[Task material Boundary: Start]
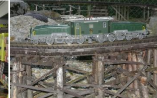
Gute Fahrt im 2014
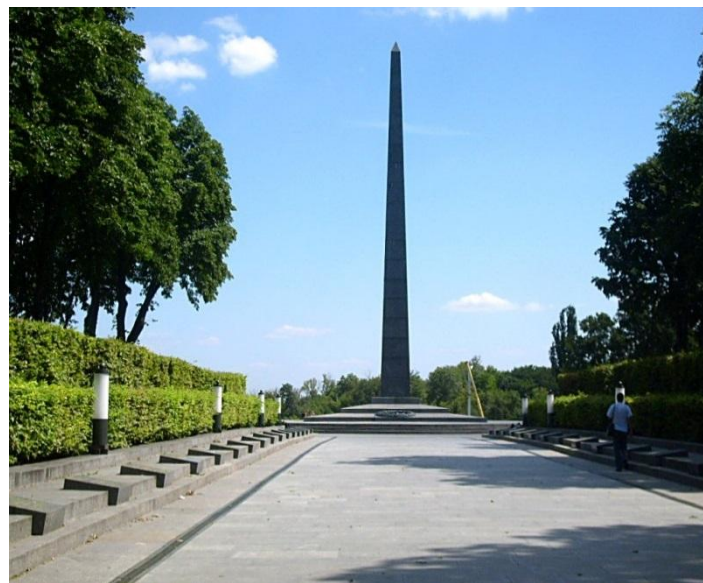
Обелиск и Вечный огонь в парке Вечной Славы в Киеве. Сооружен 6 ноября 1957 года.

В память о событиях 1941-1945 года в городе был воздвигнут Мемориальный комплекс "Национальный музей истории Великой Отечественной войны" - еще одно свидетельство того, что подвигу народа-победителя - жить в веках.
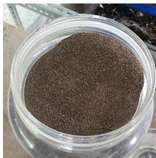
Gambar 1. Tepung Maggot

Adapun inovasi yang dilakukan oleh KUEM melalui pemanfaatan maggot yaitu, dengan memproduksi tepung maggot, dapat dilihat dari gambar dibawah ini:
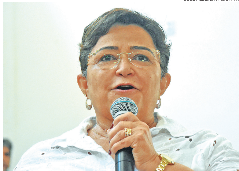
Secretária afirma que aumento só depende agora de aprovação de lei na ALRN

A secretária também comentou a ampliação da rede de educação profissional no Estado. Ela destacou que o governo já concluiu e colocou em funcionamento 10 unidades do Instituto Estadual de
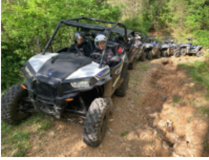
1 - Al-Rashidiyya - Al-Rashidiyya -
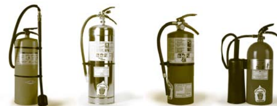
Sable sec (D)
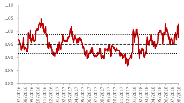
图 3: 预估市账率
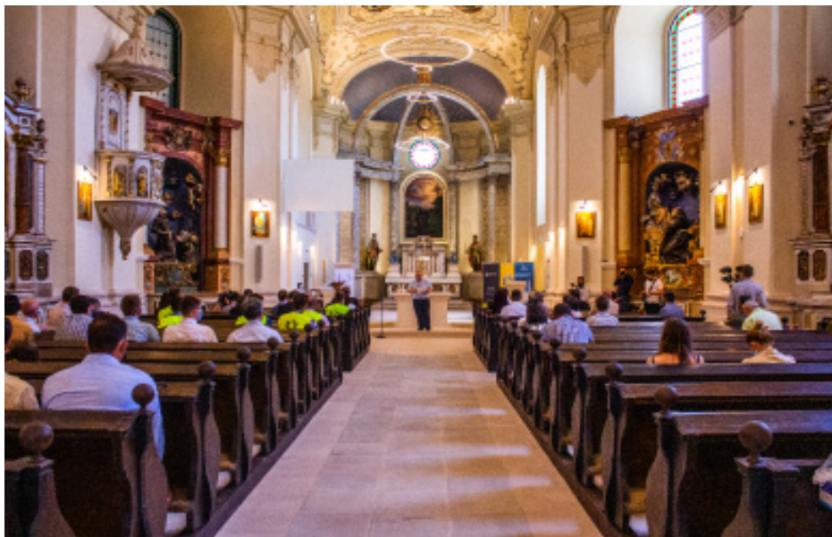
A megújult római-katolikus templom /Riti József Attila
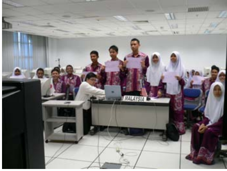
カタカナで書いた自分の名前を持って自己紹介
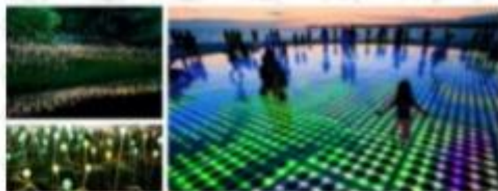
SOLAR ENERGY INSTALLATIONS
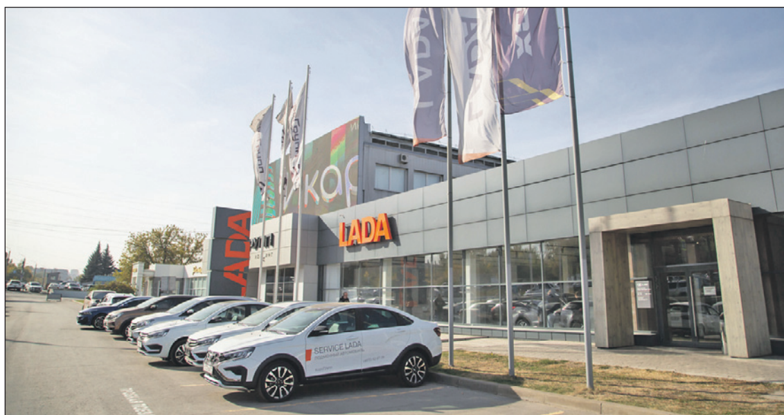
LADA Largus покупают в Туле на ул. Рязанской, 7 у официального дилера «Корс Групп». Уехать на новой машине можно уже в день покупки.
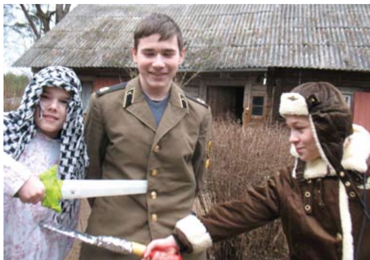
Kaimą nuo visokių negandų ginti pasirengę kariai - arabas, rusas ir amerikietis.
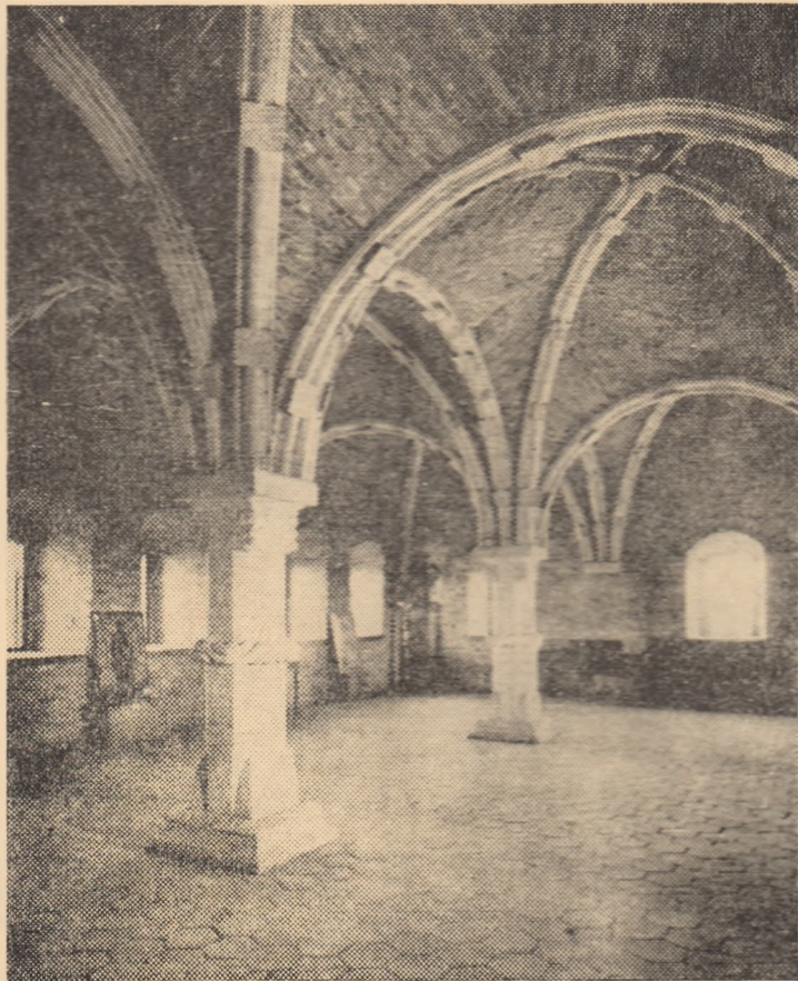
Sala gotică de la Cetățuia
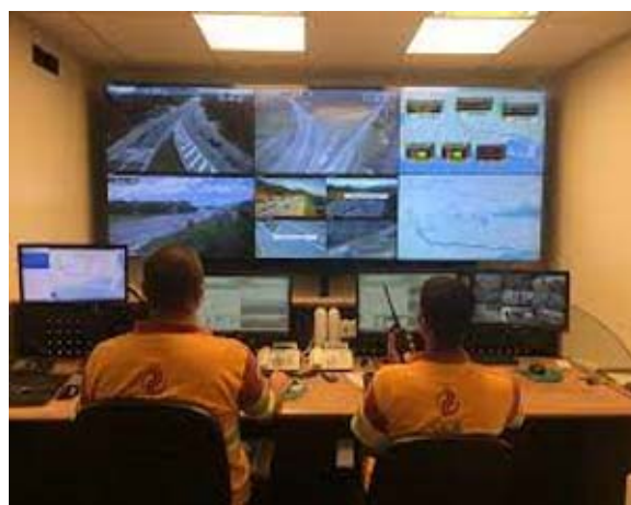
Figura 11 – Visita ao CCO - Km 22. Foto de: 29/06/2021
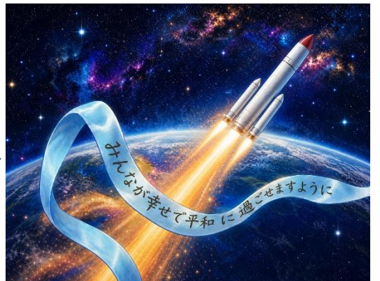
④ ロケットにデータとして搭載、宇宙に届ける(イメージ)
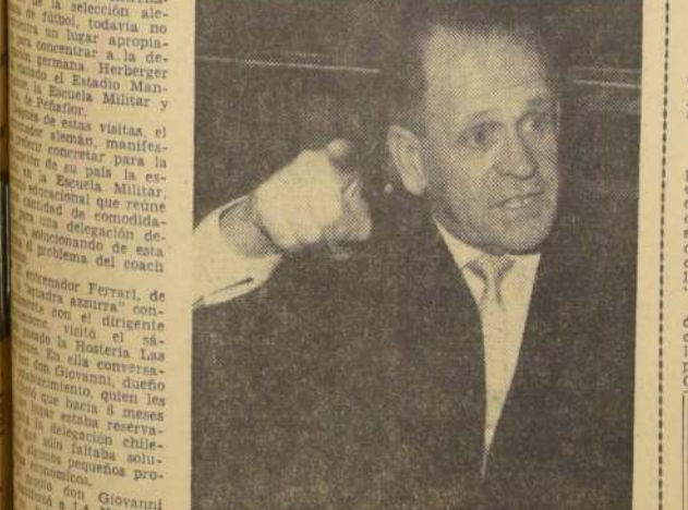
Sepp Heberger, el entrenador del seleccionado alemán, que ha estado buscando afanosamente un lugar de concentración para el equipo que jugará en el Mundial. Después de las visitas practicadas ayer, parece que se decidirá por la Escuela Militar.

Alemania lo hará entre el 15 y el 17 de mayo, viajando para el torneo mundial una delegación de 32 personas. Para mañana está anunciada la reunión que sostendrán las delegaciones que han viajado a las sub-sedes, con la Comisión encargada de recibir sugerencias y reclamaciones.
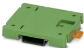
Abbildung zeigt die Variante EM-MP 45 N

Montageplatte, zum Aufschrauben von Schaltgeräten der Größe 0
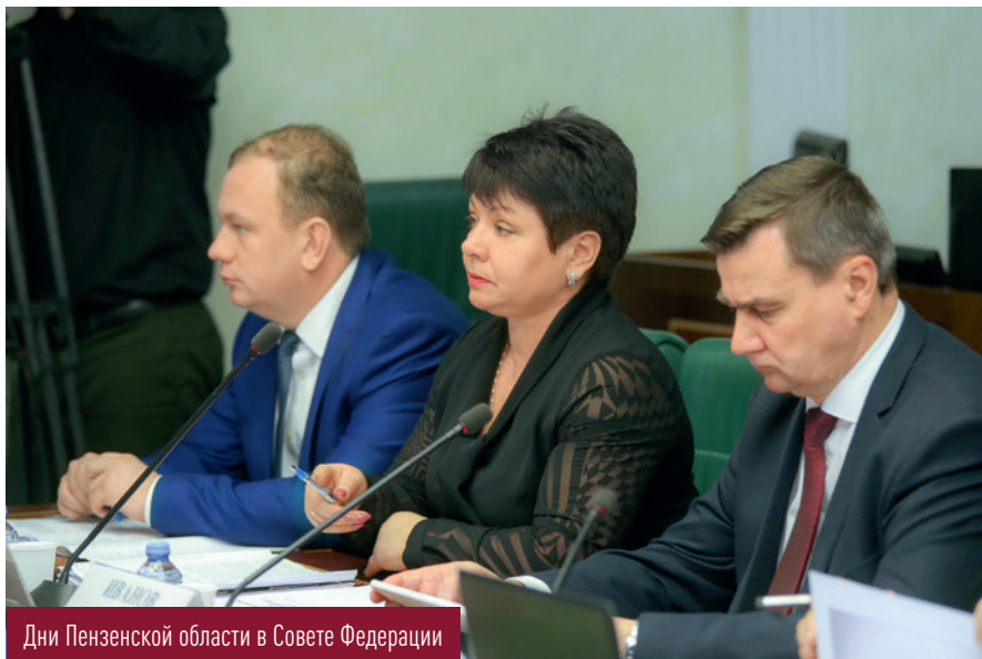
Дни Пензенской области в Совете Федерации

кизово». На субсидирование затрат в данной сфере в целом направляется порядка пяти процентов от общего объема расходов бюджета.
[Task material Boundary: End]
= Problem requirements =
Across all the records, find the lines containing the word "para" and reproduce each one.

= Output of the exercise =
Sepp Heberger, el entrenador del seleccionado alemán, que ha estado buscando afanosamente un lugar de concentración para el equipo que jugará en el Mundial. Después de las visitas practicadas ayer, parece que se decidirá por la Escuela Militar.
Alemania lo hará entre el 15 y el 17 de mayo, viajando para el torneo mundial una delegación de 32 personas. Para mañana está anunciada la reunión que sostendrán las delegaciones que han viajado a las sub-sedes, con la Comisión encargada de recibir sugerencias y reclamaciones.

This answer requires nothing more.